I cannot endure this agonizing pain any longer. It is all over my body. Neither can I face the impending blindness. I pray the Lord my soul to take. Amen tweet
Questo c’era scritto sul biglietto lasciato da Clara Blandick, l’attrice che impersonò zia Emma ne “Il Mago di Oz” di Victor Fleming (1939). A partire dagli anni Cinquanta, Blandick si ammalò: artrite, progressiva perdita della vista. Nel ’62, di ritorno dalla Messa (era la Domenica delle Palme), si suicidò stordendosi coi barbiturici e soffocandosi con un sacchetto di plastica, dopo essersi vestita di tutto punto ed essersi messa una coperta d’oro sulle spalle, circondata da cose che le ricordavano la sua carriera. Gli american (sic) ci fanno sentire questa frase all’inizio di “Decedents”, pronunciata dalla voce meccanica di un risponditore automatico. Omettono la prima cosa che scrisse zia Emma, cioè “I am now about to make the great adventure”, forse perché per loro “dopo” non c’è proprio un cazzo.

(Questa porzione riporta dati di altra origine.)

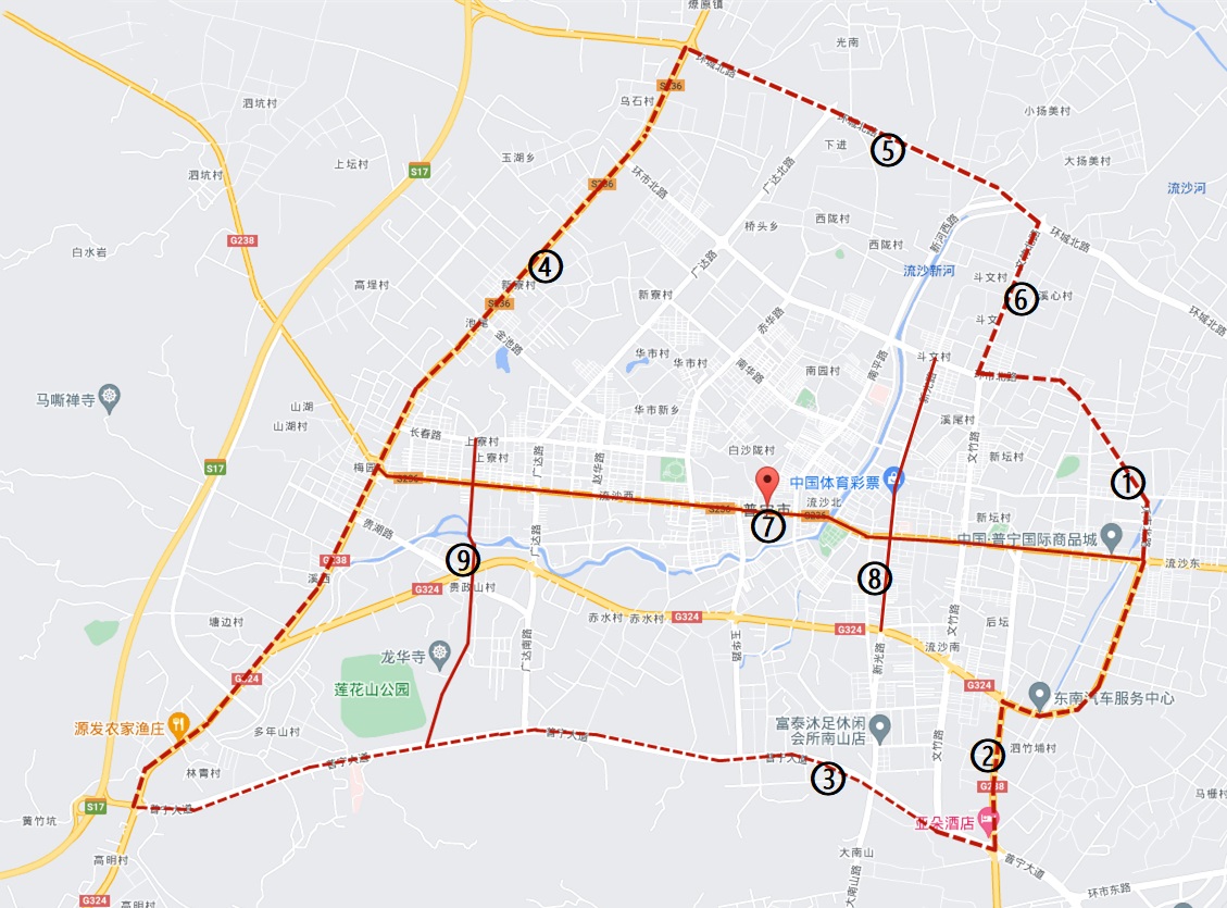 图例说明:1、上图红色实线为全天24小时禁行道路:⑦为流沙大道,⑧为新光路,⑨为大学路。2、上图红色虚线为禁限行区域边沿道路,①东环大道,②为康美大道,③为普宁大道,④为普益大道,⑤为北二环大道,⑥为文竹路。

Gli american sono Jimmy e Mike, dalla Virginia. Leggo che vivono a qualche ora di distanza l’uno dall’altro e che si trovano giusto per registrare la loro musica, un po’ come fanno i Darkthrone. Non ho altri fatti in mano. Coping With Loss, in compenso, fornisce subito molti indizi esteriori su ciò che andremo a sentire. Anzitutto esce per Sentient Ruin, che in catalogo ha Sutekh Hexen, Buioingola e Abstracter. L’edizione è in cassetta (oggi un supporto con un significato in primis simbolico) e l’artwork – curato proprio da Kevin Gan Yuen dei Sutekh Hexen – è in bianco e nero secco, come quello dei fumetti, e sembra fare riferimento alla Mater Dolorosa (Maria che affronta la perdita di Gesù), dato che la statua in esso raffigurata ha in mano una corona di spine. Il demo degli american mostrava invece la foto di un Nuvola Rossa senza pupille come i ragazzi spenti dalla droga di una vecchia “Pubblicità Progresso”, con dietro una bandiera confederata (siamo in Virginia, no?): il significato di quella “a” minuscola sembra divenire più chiaro e conferire una nuova sfumatura macabra (e politica?) al lavoro della band. Già così, insomma, ci immaginiamo un contesto do it yourself e prossimo a un’impostazione punk/hardcore, ma quello che si va a sentire poi è un po’ più composito, oltre che più a fuoco, apparentemente, rispetto al demo e allo split precedenti: il grido lacerante è in effetti hc, la batteria sparata e i riff di chitarra sono black metal (di grana statunitense, piuttosto che svedese o norvegese, se posso cavarmela così), fatti salvi opportuni rallentamenti che sanno di sludge. La struttura è ridotta all’osso: non si parla certo di costruzioni complesse, caratteristica che facilita lo slittamento verso soluzioni dark ambient e noise e che spinge a scartabellare nel catalogo Crucial Blast (o in quello Heart & Crossbone) alla ricerca di qualche altro gruppo bastardo che possa somigliare agli american. È su questo incrocio di generi, comunque, che forse i ragazzi dovrebbero concentrarsi, lasciando perdere escursioni troppo lunghe in territori atmosferici (“Pulse Beating Slowly” è un po’ noiosa) e integrando soluzioni di questo tipo nei brani più aggressivi (eccellenti i loop dentro “Retinere”). Già così, in ogni caso, siamo messi abbastanza bene.